It will be understood that the present invention may have various other embodiments. Furthermore, while the form of the invention herein shown and described constitutes a preferred embodiment of the invention, it is not intended to illustrate all possible forms thereof. It will also be understood that the words used are words of description rather than limitation, and that various changes may be made without departing from the spirit and scope of the invention disclosed. Thus, the scope of the invention should be determined by the appended claims and their legal equivalents, rather than solely by the examples given.

Claims

1. A method, comprising the steps of:

creating a single data table from at least two disparate data sets;

activating a pivot table function;

choosing at least two fields for a pivot table field list; and

using at least two fields from the pivot table field list to create a pivot table report.

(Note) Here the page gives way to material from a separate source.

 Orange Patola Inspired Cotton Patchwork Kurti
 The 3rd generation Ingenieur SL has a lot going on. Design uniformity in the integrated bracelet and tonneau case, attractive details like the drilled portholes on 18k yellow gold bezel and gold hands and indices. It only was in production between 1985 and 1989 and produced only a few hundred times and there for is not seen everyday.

2. The method of claim 1, wherein the single data table is created in Microsoft Excel.

3. The method of claim 1, wherein the single data table is created from data residing in a database.

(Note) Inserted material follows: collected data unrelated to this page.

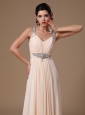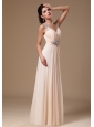 Champagne Chiffon V-neck Empire Beaded Decorate Shoulder Custom Made Prom Gowns In 2013
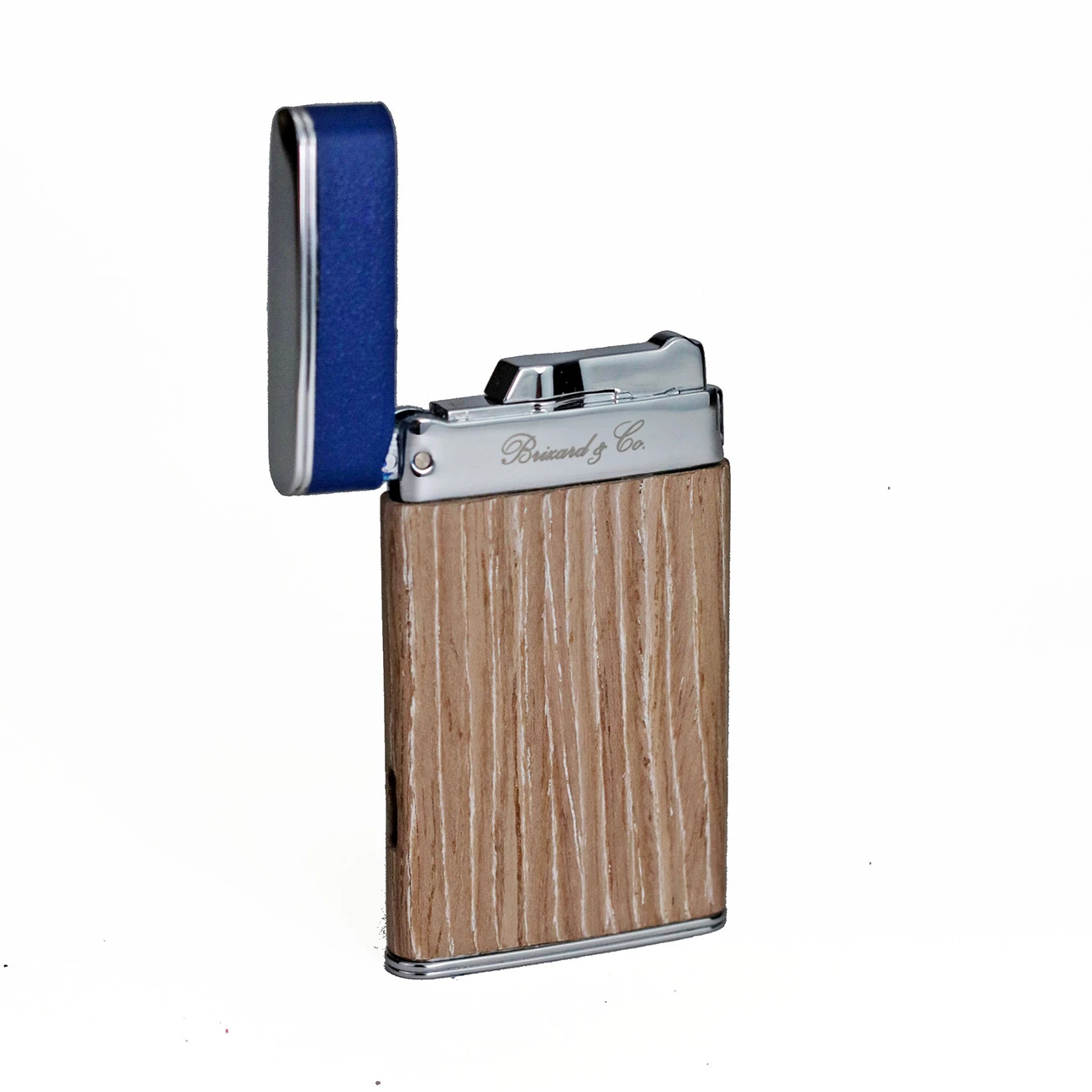 Bleached Oak Wood and Blue Leather with Chrome Accents
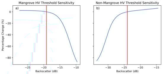 A sensitivity analysis was conducted to quantify the differences in the mangrove area mapped given the variation in the thresholds. The sensitivity analysis demonstrated that changes in the thresholds of <2 dB resulted in only small changes in the area of mangroves, with these being <2% (Figure 7).
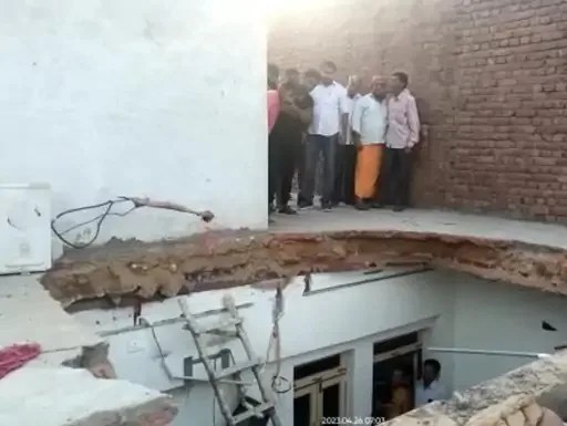 हादसे में महिला सुरभि अग्रवाल पत्नी विष्णु अग्रवाल, उसका पुत्र आरुष (5), पुनीत (17) पुत्र ब्रजेश समेत तीन लोग मलबे में दबकर घायल हो गए। घटना के बाद आसपास के लोग जमा हो गए।

4. The method of claim 1, wherein an error checking routine checks the single data table.

5. The method of claim 4, wherein the error checking routine comprises the steps of identifying one or more rows of the pivot table report wherein one or more data values are missing.

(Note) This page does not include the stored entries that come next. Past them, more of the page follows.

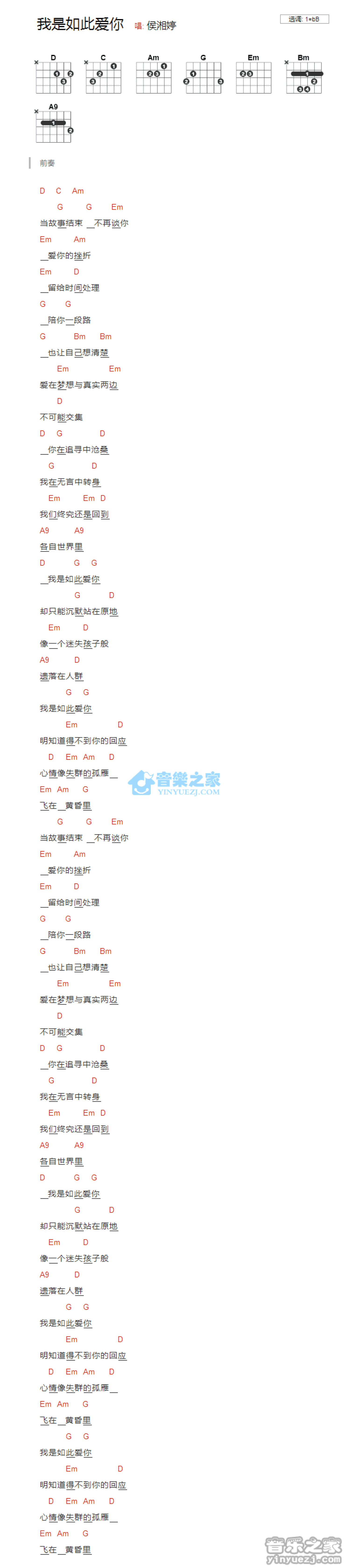 曲谱介绍: bB调版 侯湘婷《我是如此爱你》吉他和弦弹唱谱
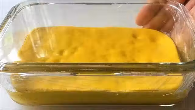 7.蓋上一張耐高溫的保鮮膜,上鍋蒸熟。時間根據個人容器的厚度來定。
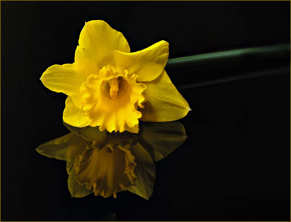 I love your image. Not only does it have great story, composition, subject and color, but with the reflection and dark background it conveys a sense of emotion as well. Well thought-out and executed. The border was also a good inclusion since now you define the border rather than letting chance provide a suitable background to bound your image.
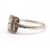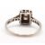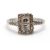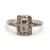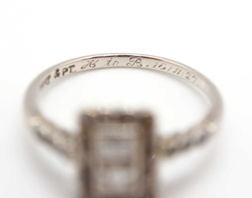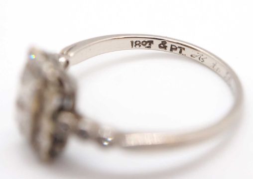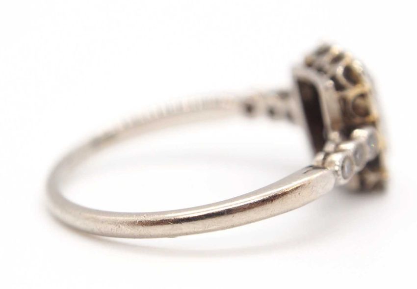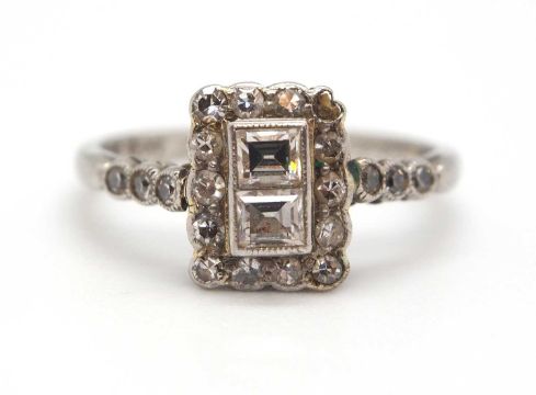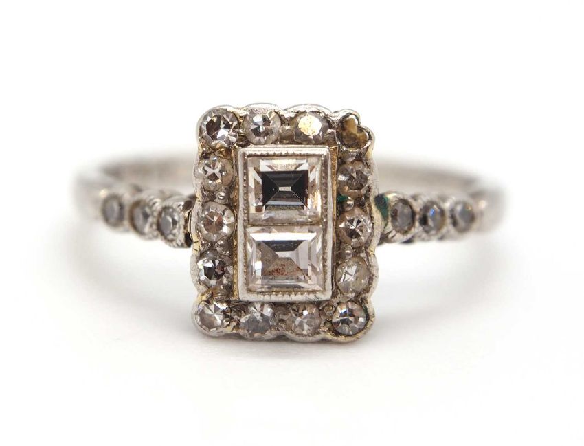 An Art Deco 18ct and platinum diamond ring, set to centre with two square step cut diamonds and surrounded by single cut diamonds, head approx. 8.5mm long, with three single cut diamonds to each shoulder, all with millegrain mounts and plain band stamped 18ct Plat, size J, 1.8g

6. The method of claim 1, wherein at least one data set has data relating to manufacturing standards and another data set has data relating to items actually manufactured.

7. The method of claim 1, wherein at least one data set has a field relating to calendar months.

8. The method of claim 1, wherein at least one data set has data relating to a budget, and another data set has data relating to actuals.

9. The method of claim 1, wherein the single data table is populated with at least two hundred data values.

10. A pivot table report created according to the method of claim 1.

11. A method, comprising the steps of:

creating a single data table populated with 250 data values;

activating a pivot table function;

choosing at least two fields for a pivot table field list; and

using at least two fields from the pivot table field list to create a pivot table report.

12. The method of claim 11, wherein the single data table is created in Microsoft Excel.

13. The method of claim 11, wherein the single data table is created from data residing in a database.

14. The method of claim 11, wherein an error checking routine checks the single data table.

15. The method of claim 14, wherein the error checking routine comprises the steps of identifying one or more rows of the pivot table report wherein one or more data values are missing.

16. The method of claim 11, wherein at least one data set has data relating to manufacturing standards and another data set has data relating to items actually manufactured.

17. The method of claim 11, wherein at least one data set has a field relating to calendar months.

18. The method of claim 11, wherein at least one data set has data relating to a budget, and another data set has data relating to actuals.

19. A pivot table report created according to the method of claim 11.